Assignment »
Below are records with pictures; copy word for word only the lines between the line with "現王園 加苗さんの外格は24画の5点!" and the line with "Dank USB-C Ladeanschluss", inclusive, and drop the pictures.

Exercise inputs »
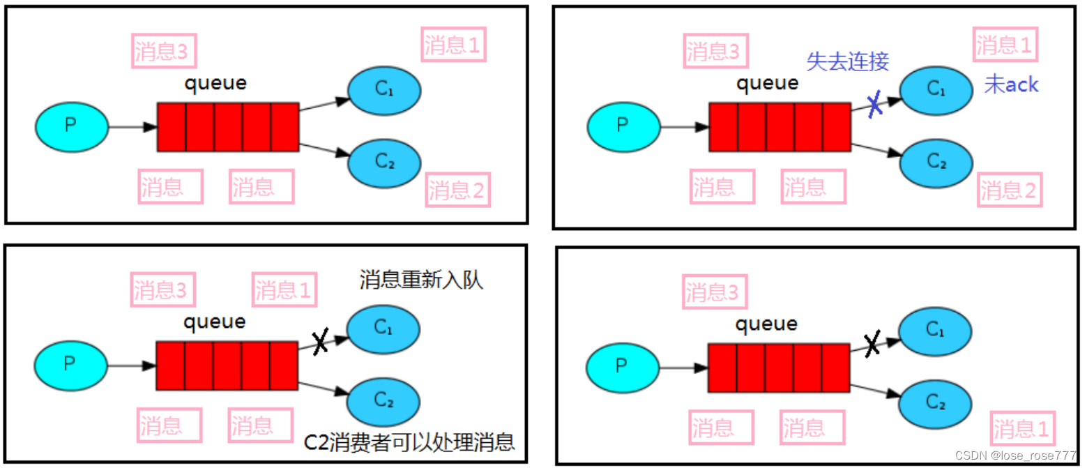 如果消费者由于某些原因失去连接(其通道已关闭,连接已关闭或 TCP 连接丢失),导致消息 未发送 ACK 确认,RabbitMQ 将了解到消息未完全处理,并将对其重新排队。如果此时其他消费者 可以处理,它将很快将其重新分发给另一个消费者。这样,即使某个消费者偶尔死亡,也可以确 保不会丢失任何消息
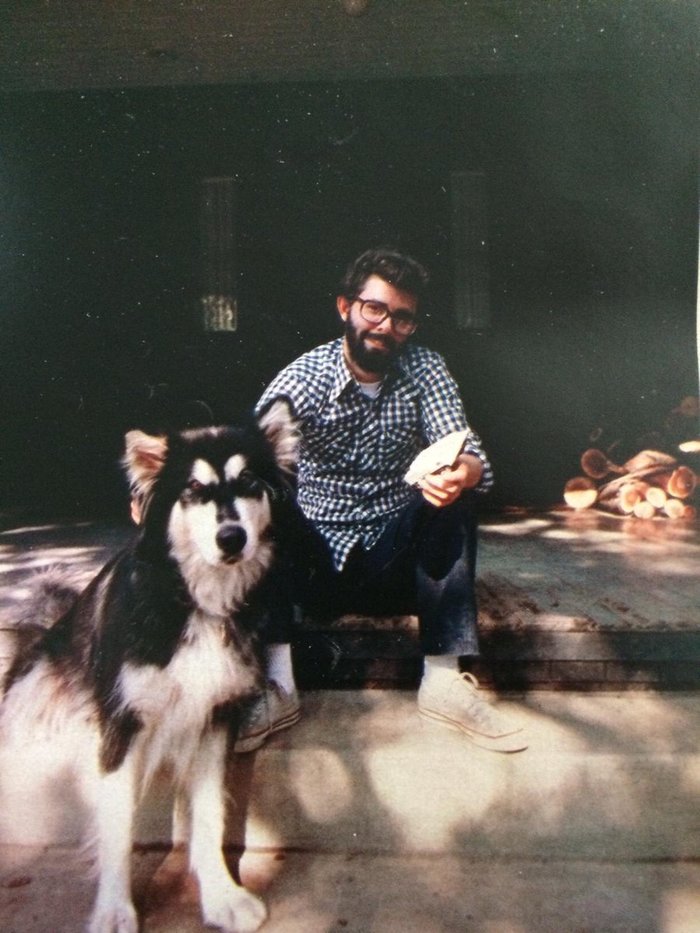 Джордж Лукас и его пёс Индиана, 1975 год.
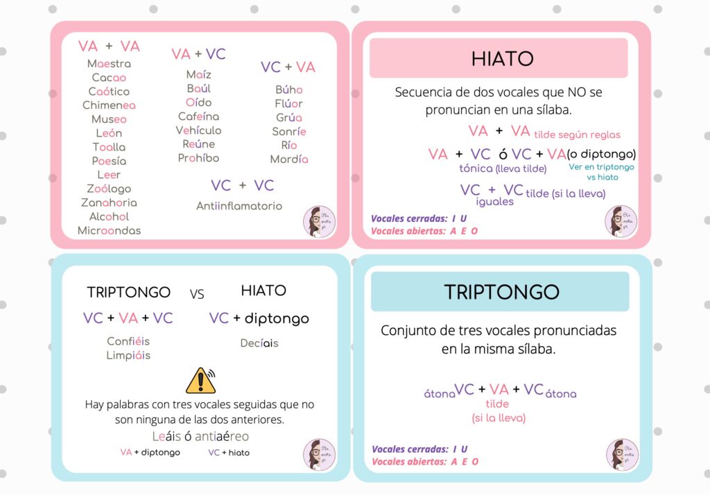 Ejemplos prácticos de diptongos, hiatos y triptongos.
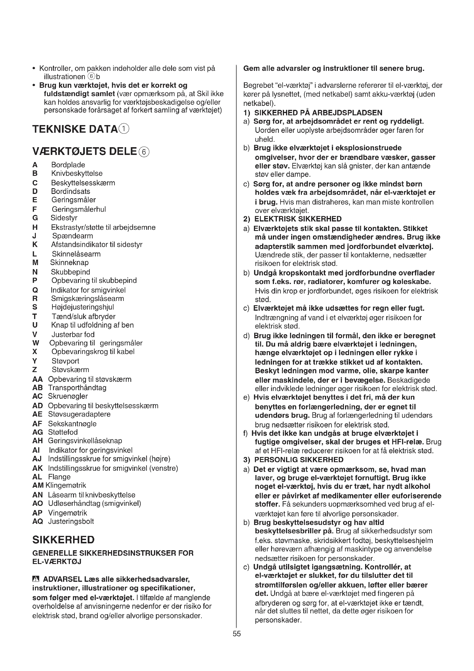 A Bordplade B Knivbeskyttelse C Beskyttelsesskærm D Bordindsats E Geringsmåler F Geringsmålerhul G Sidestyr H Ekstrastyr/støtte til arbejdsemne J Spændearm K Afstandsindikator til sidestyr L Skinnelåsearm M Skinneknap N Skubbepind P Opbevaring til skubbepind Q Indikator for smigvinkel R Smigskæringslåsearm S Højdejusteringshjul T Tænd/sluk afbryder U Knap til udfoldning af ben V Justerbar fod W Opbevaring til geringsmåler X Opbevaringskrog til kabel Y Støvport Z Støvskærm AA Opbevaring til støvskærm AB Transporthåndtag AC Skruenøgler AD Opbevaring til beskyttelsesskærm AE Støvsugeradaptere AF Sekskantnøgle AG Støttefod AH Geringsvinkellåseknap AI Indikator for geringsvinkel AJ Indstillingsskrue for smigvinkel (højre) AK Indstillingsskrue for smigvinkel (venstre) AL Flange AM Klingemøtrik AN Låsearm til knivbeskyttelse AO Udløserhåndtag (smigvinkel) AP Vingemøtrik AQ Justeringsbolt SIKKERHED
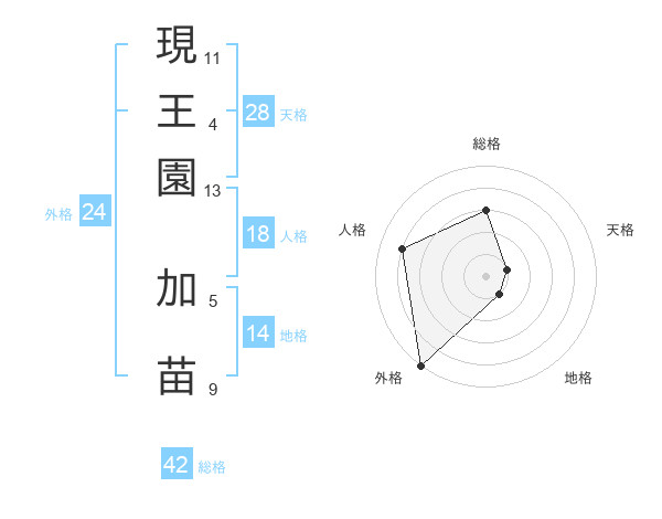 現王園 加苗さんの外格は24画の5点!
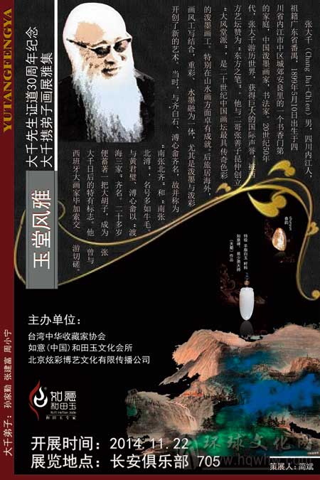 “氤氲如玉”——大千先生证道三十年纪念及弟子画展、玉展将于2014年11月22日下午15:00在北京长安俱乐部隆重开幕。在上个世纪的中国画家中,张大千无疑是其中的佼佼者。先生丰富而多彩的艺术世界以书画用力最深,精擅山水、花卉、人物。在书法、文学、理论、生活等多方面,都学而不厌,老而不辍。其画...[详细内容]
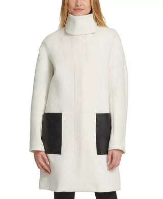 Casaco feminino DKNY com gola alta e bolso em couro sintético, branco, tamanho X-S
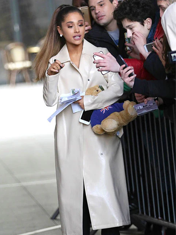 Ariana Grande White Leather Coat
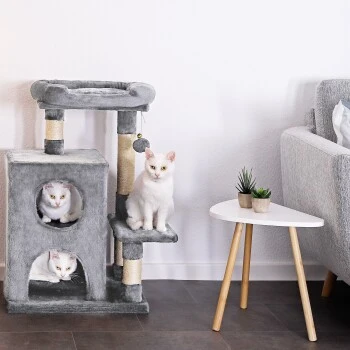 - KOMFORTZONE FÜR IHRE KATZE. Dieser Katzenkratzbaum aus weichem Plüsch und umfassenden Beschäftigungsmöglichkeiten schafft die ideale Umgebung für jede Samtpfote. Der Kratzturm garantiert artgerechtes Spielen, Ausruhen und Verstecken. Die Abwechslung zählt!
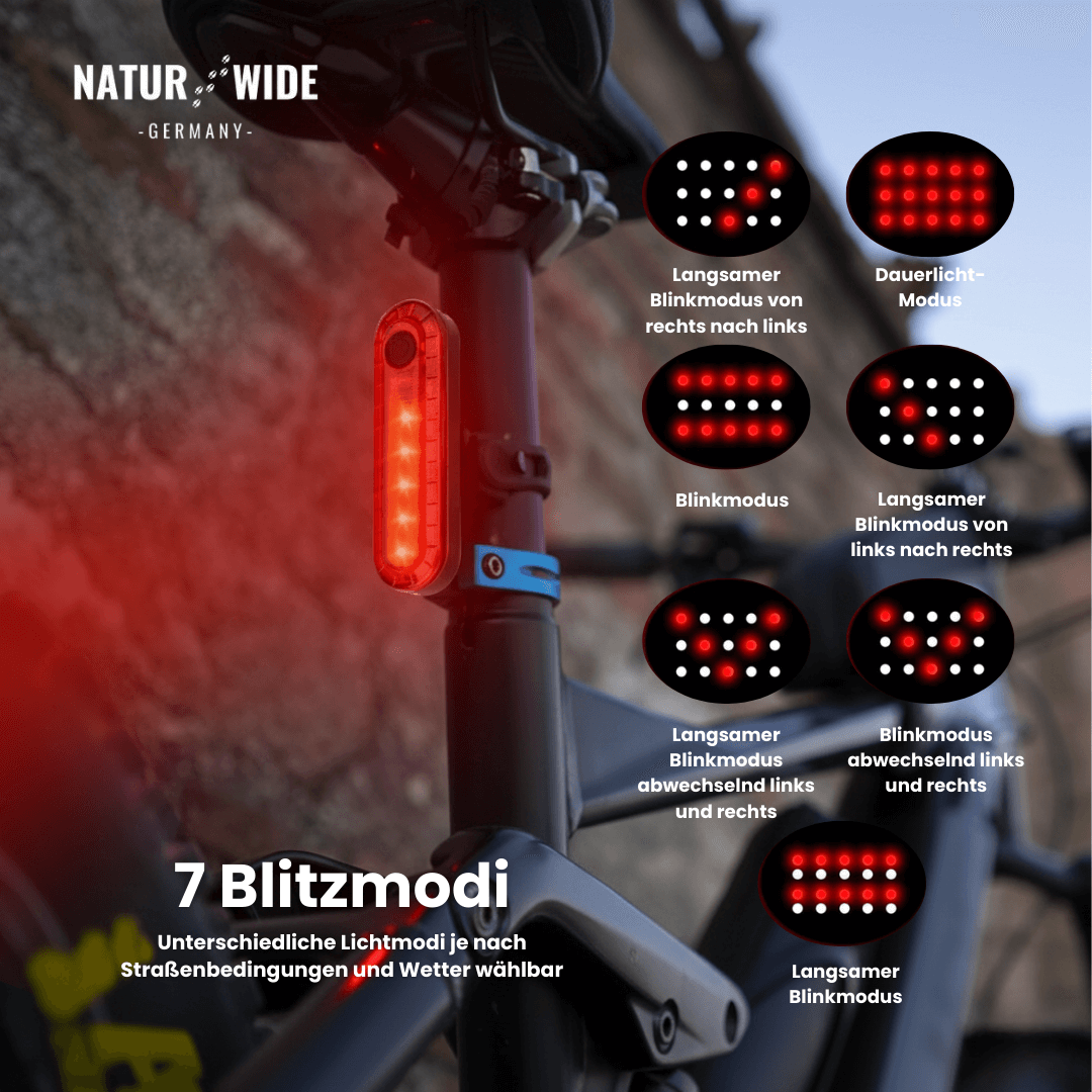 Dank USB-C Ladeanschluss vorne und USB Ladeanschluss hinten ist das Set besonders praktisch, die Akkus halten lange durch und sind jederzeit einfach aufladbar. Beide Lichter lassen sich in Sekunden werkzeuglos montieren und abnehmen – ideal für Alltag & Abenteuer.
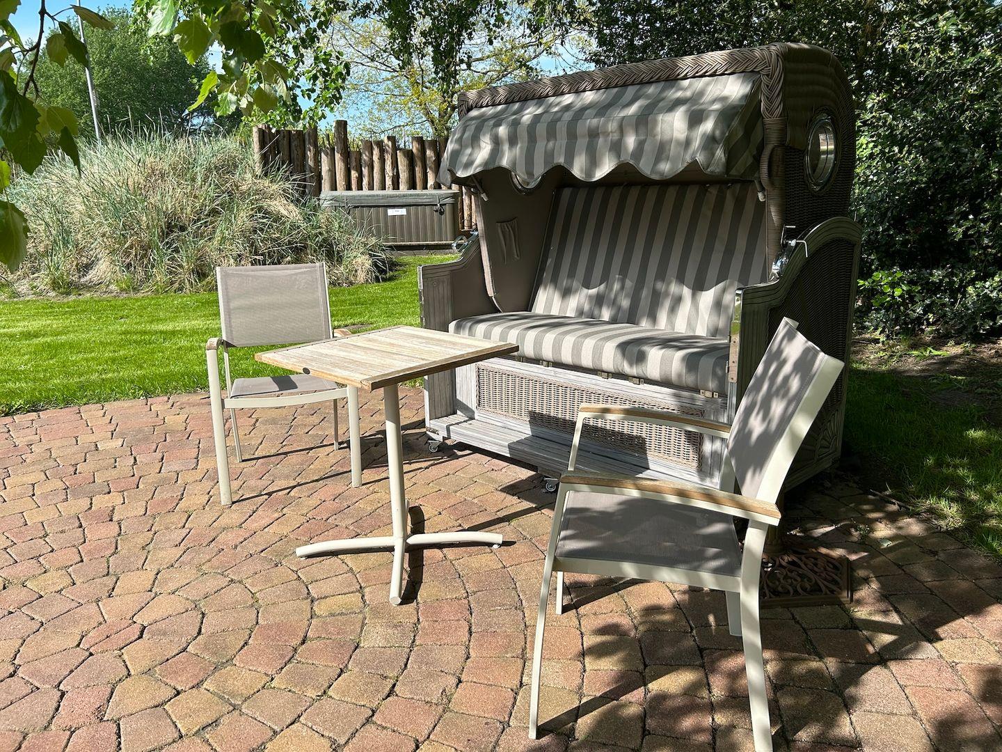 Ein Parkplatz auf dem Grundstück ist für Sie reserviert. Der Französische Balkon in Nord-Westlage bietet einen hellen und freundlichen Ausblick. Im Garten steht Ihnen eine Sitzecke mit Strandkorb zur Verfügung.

Reply »
 現王園 加苗さんの外格は24画の5点!
 “氤氲如玉”——大千先生证道三十年纪念及弟子画展、玉展将于2014年11月22日下午15:00在北京长安俱乐部隆重开幕。在上个世纪的中国画家中,张大千无疑是其中的佼佼者。先生丰富而多彩的艺术世界以书画用力最深,精擅山水、花卉、人物。在书法、文学、理论、生活等多方面,都学而不厌,老而不辍。其画...[详细内容]
 Casaco feminino DKNY com gola alta e bolso em couro sintético, branco, tamanho X-S
 Ariana Grande White Leather Coat
 - KOMFORTZONE FÜR IHRE KATZE. Dieser Katzenkratzbaum aus weichem Plüsch und umfassenden Beschäftigungsmöglichkeiten schafft die ideale Umgebung für jede Samtpfote. Der Kratzturm garantiert artgerechtes Spielen, Ausruhen und Verstecken. Die Abwechslung zählt!
 Dank USB-C Ladeanschluss vorne und USB Ladeanschluss hinten ist das Set besonders praktisch, die Akkus halten lange durch und sind jederzeit einfach aufladbar. Beide Lichter lassen sich in Sekunden werkzeuglos montieren und abnehmen – ideal für Alltag & Abenteuer.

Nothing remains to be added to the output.